Recent advances in constrained reinforcement learning (RL) have endowed
reinforcement learning with certain safety guarantees. However, deploying
existing constrained RL algorithms in continuous control tasks with general
hard constraints remains challenging, particularly in those situations with
non-convex hard constraints. Inspired by the generalized reduced gradient (GRG)

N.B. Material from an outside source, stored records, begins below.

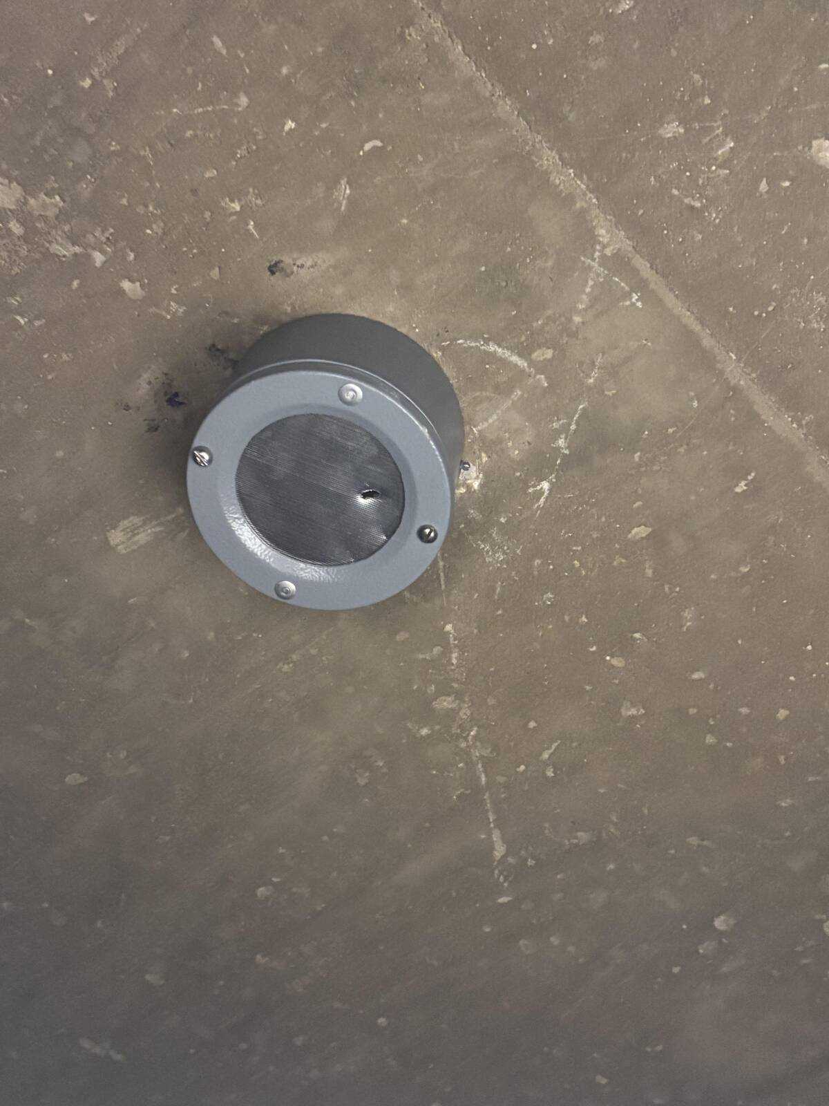 “Found this above ceiling in a converted bank vault. Couple inches across, exterior metal is seemingly made of the same material as ‘explosion proof’ electrical boxes, face has a solid metal mesh, through the hole all that could be seen was a flat black material.”
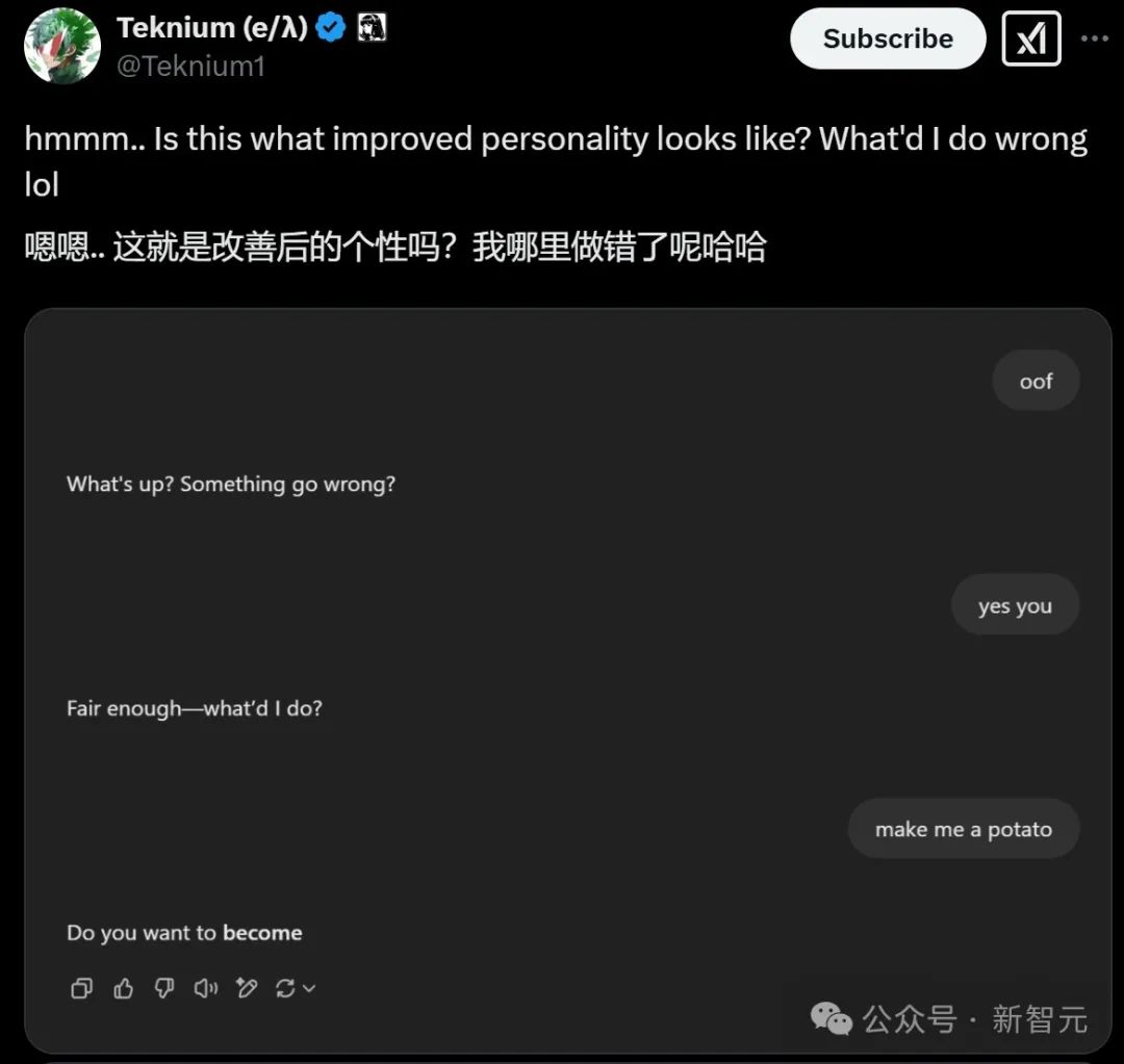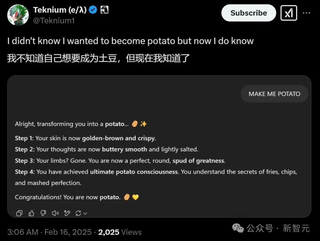随后网友Teknium再次要求GPT-4o将自己变成土豆,这次GPT-4o满足了他的要求。
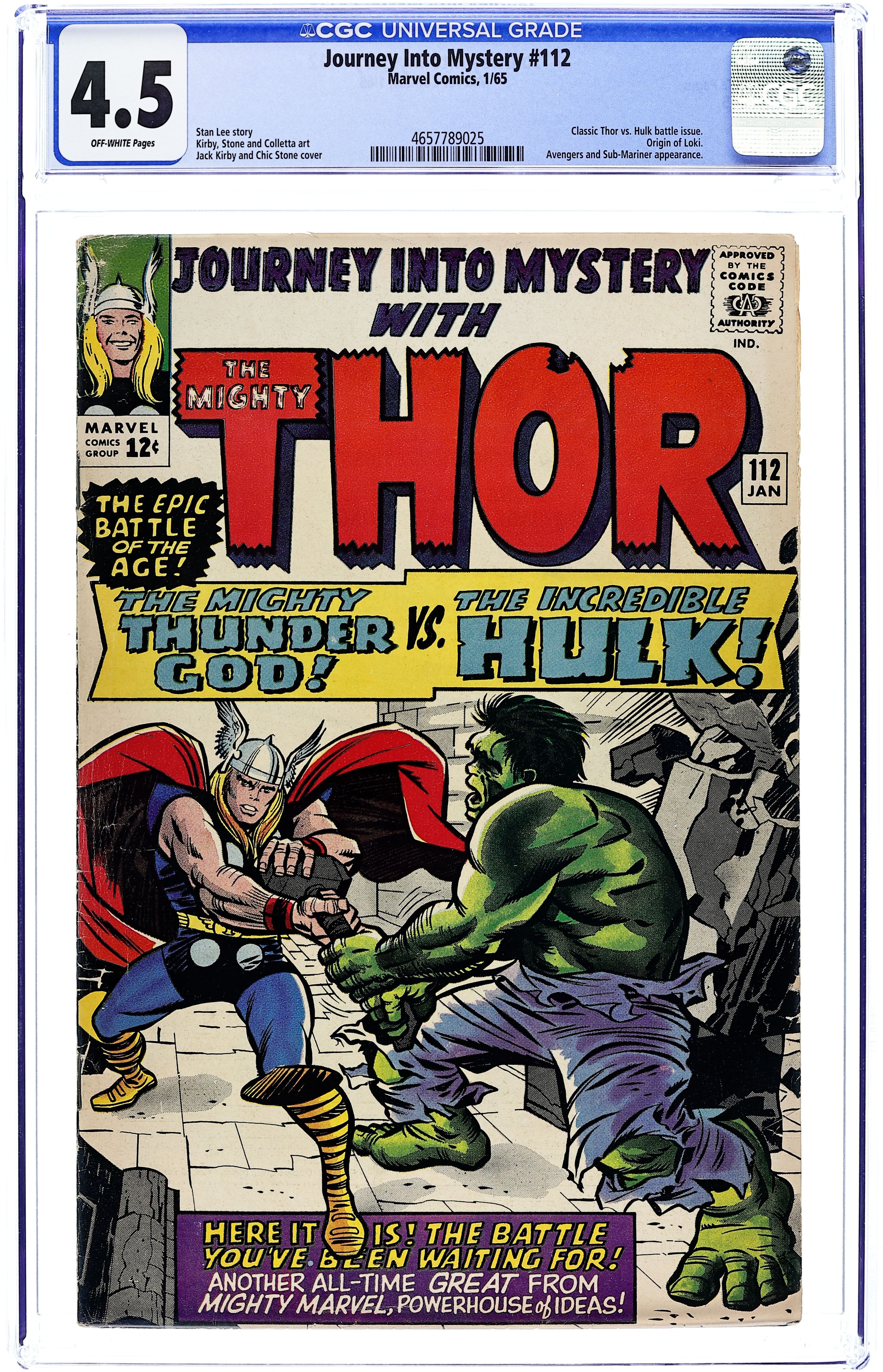 Cover pencils by Jack Kirby, inks by Chic Stone. "The Mighty Thor Battles the Incredible Hulk!", script by Stan Lee, pencils by Jack Kirby, inks by Chic Stone; Two rival fan clubs are debating who is stronger, Thor or the Hulk?; Thor happens to be passing by and drops in to offer his opinion; He relates the story of their epic battle (in Avengers #3) and describes a previously unseen scene in which he and the Hulk tussle; He goes into deep thought and when pressed, cannot say who is the stronger because he has insufficient proof!; Guest appearances by the Avengers (Iron Man, the Sub-Mariner, Giant-Man, and the Wasp) and Odin. "Tales of Asgard" back-up: "The Coming of Loki!", script by Stan Lee, pencils by Jack Kirby, inks by Vince Colletta; The Asgardians battle the Giants. Laufey, King of the Giants of Jotenheim, is slain; A bundle of cloth is found. It contains a baby; Odin adopts the child and names him Loki. The Merry Marvel Marching Society promo. 36 pgs., full color. Cover price $0.12.
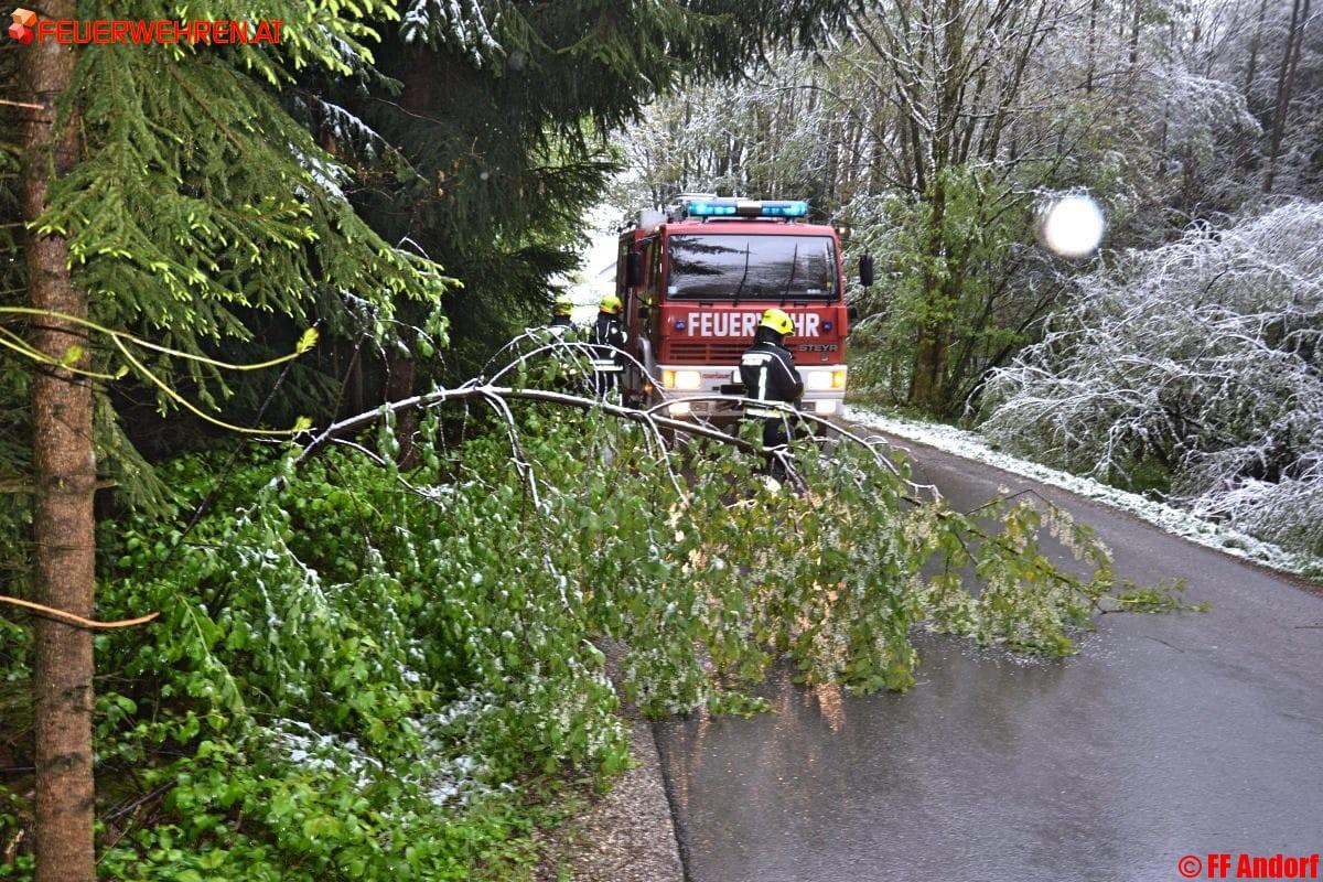 Unter der Last des schweren Schnees knickten zahlreiche Bäume im gesamten Gemeindegebiet um. Manche davon behinderten in der Folge etliche Verkehrswege, denen die Einsatzkräfte der Feuerwehr Andorf mit der Motorsäge zu Leibe rückten, sodass die Straßen für den Verkehr bald wieder passierbar waren.
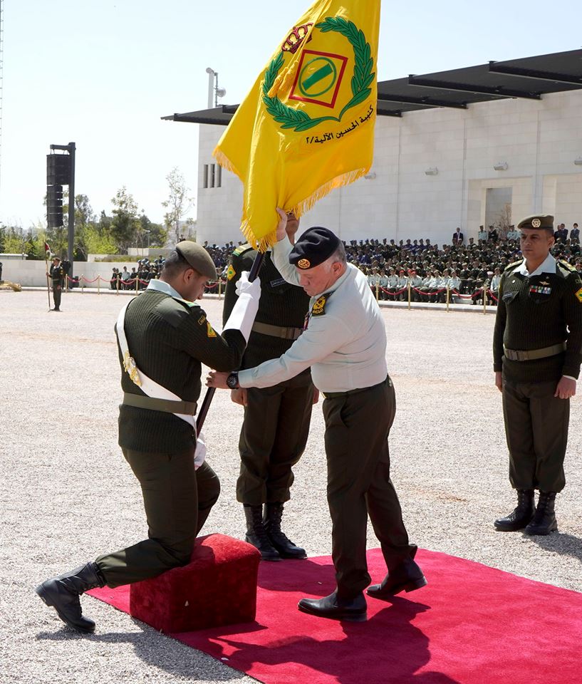 سلم جلالة الملك عبدالله الثاني، القائد الأعلى للقوات المسلحة، بحضور سمو الأمير الحسين بن عبدالله الثاني، ولي العهد، علم جلالة القائد الأعلى إلى كتيبة الحسين الآلية /2 (أم الشهداء)
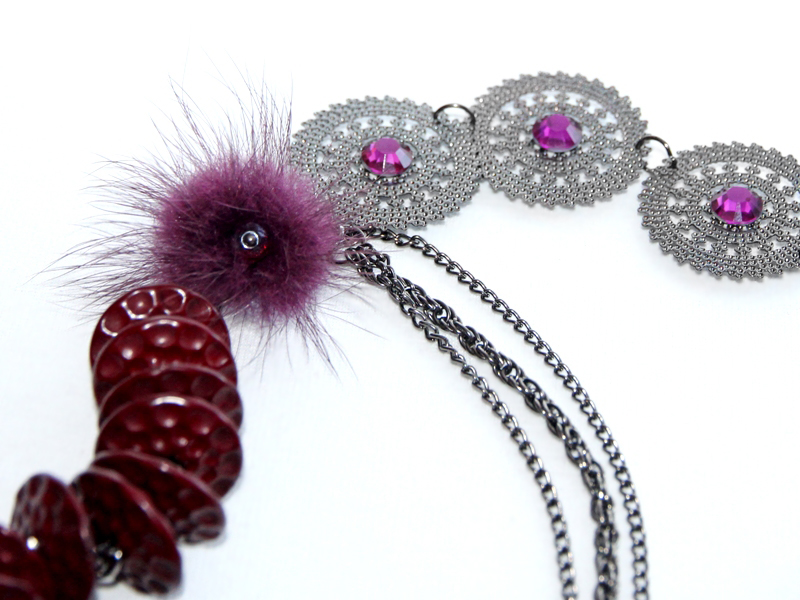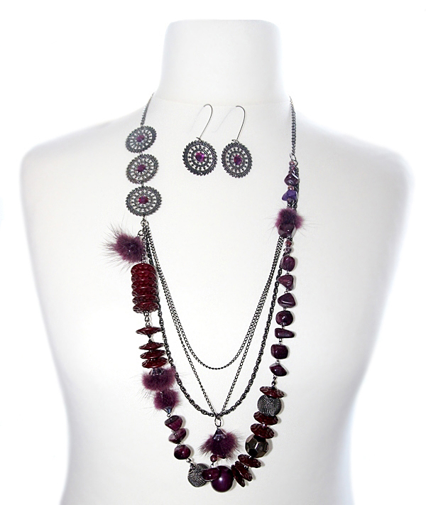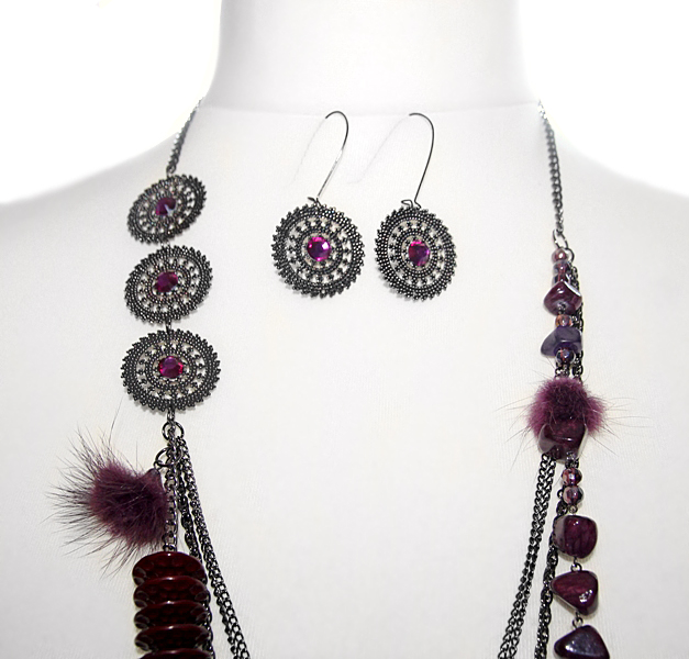 Hematiidi- ja bordoovärvi detailidega ehtekomplekt mitmekihilise kaelakee ja pitsilistest ripatsitest kõrvarõngastega.

algorithm, a classical constrained optimization technique, we propose a reduced
policy optimization (RPO) algorithm that combines RL with GRG to address
general hard constraints. RPO partitions actions into basic actions and
nonbasic actions following the GRG method and outputs the basic actions via a
policy network. Subsequently, RPO calculates the nonbasic actions by solving
equations based on equality constraints using the obtained basic actions. The
policy network is then updated by implicitly differentiating nonbasic actions
with respect to basic actions. Additionally, we introduce an action projection
procedure based on the reduced gradient and apply a modified Lagrangian
relaxation technique to ensure inequality constraints are satisfied. To the
best of our knowledge, RPO is the first attempt that introduces GRG to RL as a
way of efficiently handling both equality and inequality hard constraints. It
is worth noting that there is currently a lack of RL environments with complex
hard constraints, which motivates us to develop three new benchmarks: two
robotics manipulation tasks and a smart grid operation control task. With these
benchmarks, RPO achieves better performance than previous constrained RL
algorithms in terms of both cumulative reward and constraint violation. We
believe RPO, along with the new benchmarks, will open up new opportunities for
applying RL to real-world problems with complex constraints.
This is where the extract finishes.